# 60 for 50



## brian v (Dec 25, 2011)

Yeah the double nickle gets ya a lot of MPG s ..

Cool .


----------



## mkohan (Dec 19, 2015)

Nice...good to know that the MPG's stay even with 150,000+ miles...


----------



## chevrasaki (May 1, 2015)

mkohan said:


> Nice...good to know that the MPG's stay even with 150,000+ miles...


It's just getting broken in.


----------



## Tomko (Jun 1, 2013)

chevrasaki said:


> It's just getting broken in.


Yeah - don't wear that thing out before you trade it in.


----------



## razercruze15 (Feb 15, 2016)

wow.. just wow.

The best I have gotten is 34. 

Nothing is flat around here...and lots of other cars mean a steady 65-70mph cruise control on the highway doesn't last long, in the least congested hours, plus its rarely flat anyways.


----------



## diesel (Jun 8, 2013)

Tomko said:


> Yeah - don't wear that thing out before you trade it in.

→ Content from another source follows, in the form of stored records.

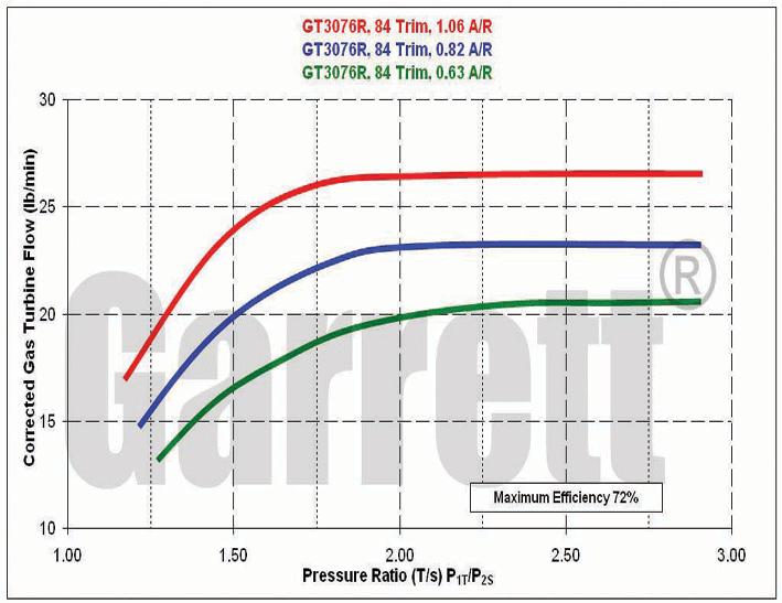 le choix de votre turbo. Flow map de turbine, on remarque clairement que plus l'AR est faible, plus le
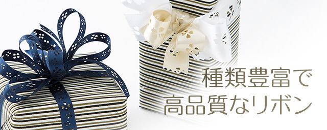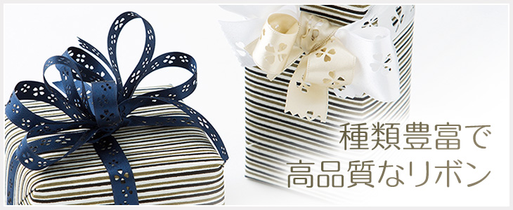 リボンにあなたのお店名やロゴを名入れ印刷。1巻30mからの小ロット低価格で制作。店舗用・イベント用に。種類豊富な無地リボンも販売。
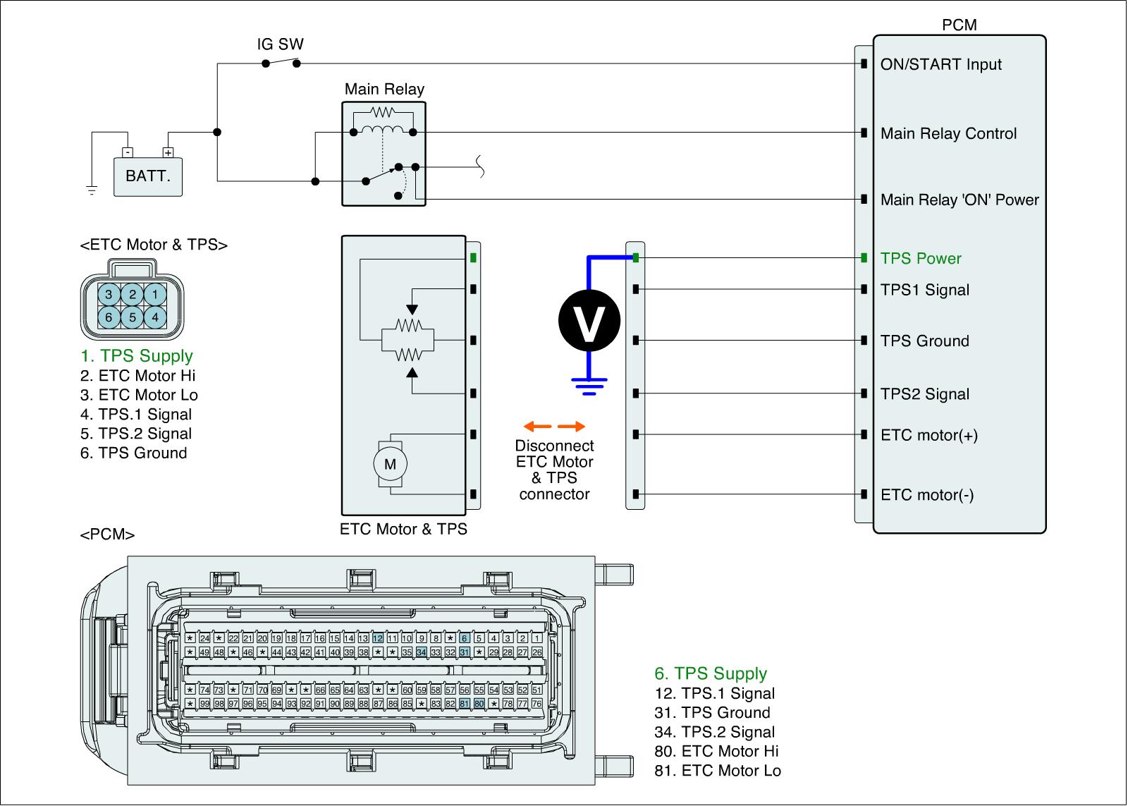 3. Measure voltage between TPS power terminal of ETC Motor & TPS harness connector and chassis ground.
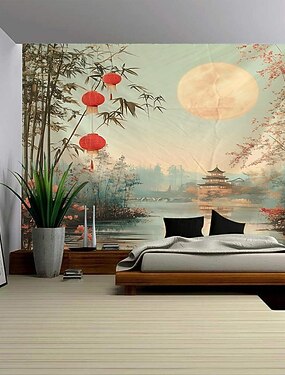 Arazzo digitale con stampa del lago lunare, fiori e alberi, paesaggio suggestivo, da appendere alla parete per camera da letto, soggiorno, dormitorio, decorazione per la casa.
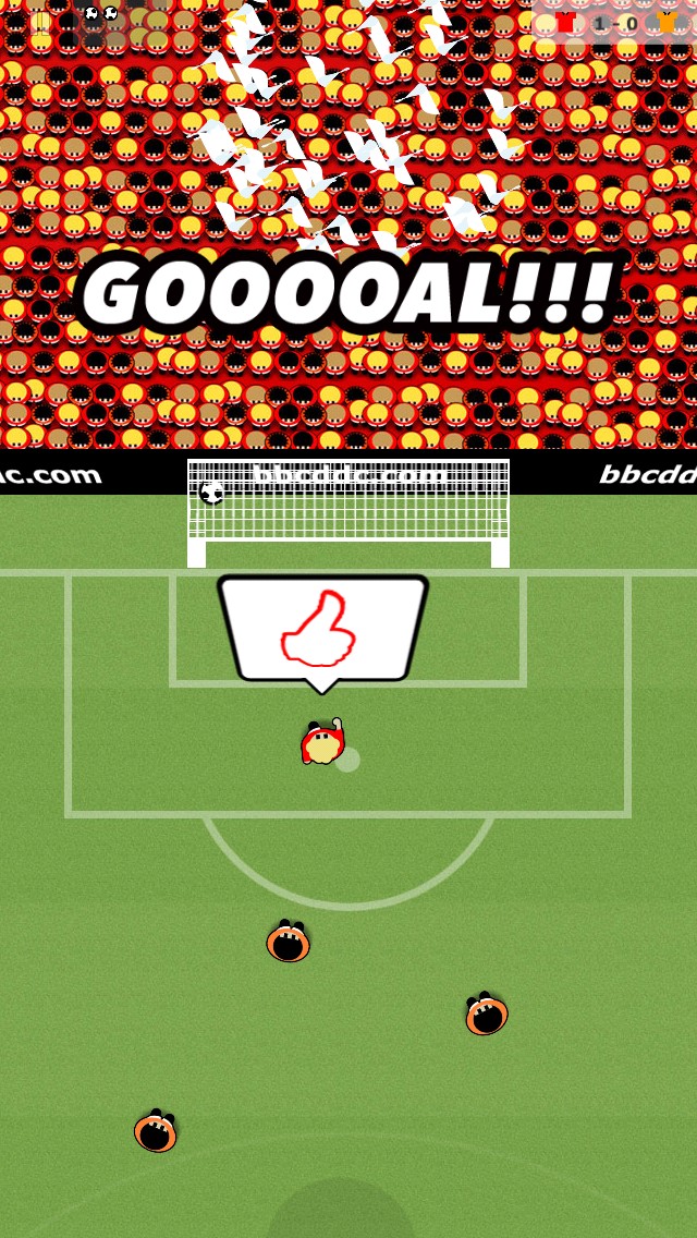 遊戲中必須確認敵方的位置,預測我方奔跑的位置,選擇傳球的威力跟種類,還滿要求玩家正確判斷力的。遊戲中雖然有時守門員會掉球,或者傳球成功但我方球員射門失敗等的運氣成分,但成功攻略看起來絕對沒辦法過關的關卡時,心情會感到滿爽快的。
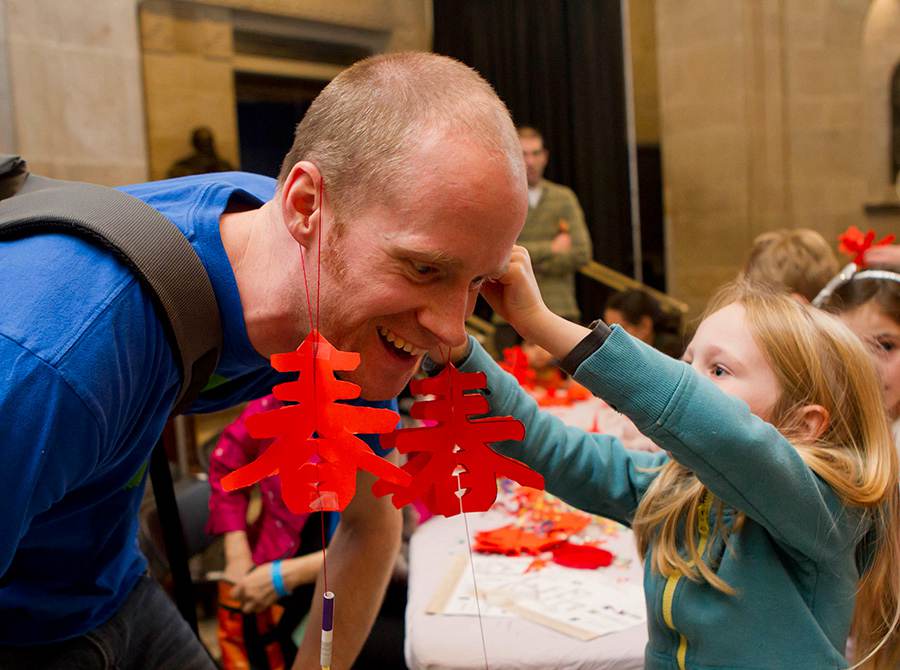 A girl puts her artistic work on her father’s ears in the Royal Ontario Museum, Toronto, Canada on Jan. 25, 2014. (Xinhua/ Zou Zheng)

I'm never trading this one. When I retire it from daily driving duties, it will remain in the fleet. I've never liked a car more. I also have no immediate plans to retire it from daily driving duties.


----------



## diesel (Jun 8, 2013)

razercruze15 said:


> wow.. just wow.
> 
> The best I have gotten is 34.
> 
> Nothing is flat around here...and lots of other cars mean a steady 65-70mph cruise control on the highway doesn't last long, in the least congested hours, plus its rarely flat anyways.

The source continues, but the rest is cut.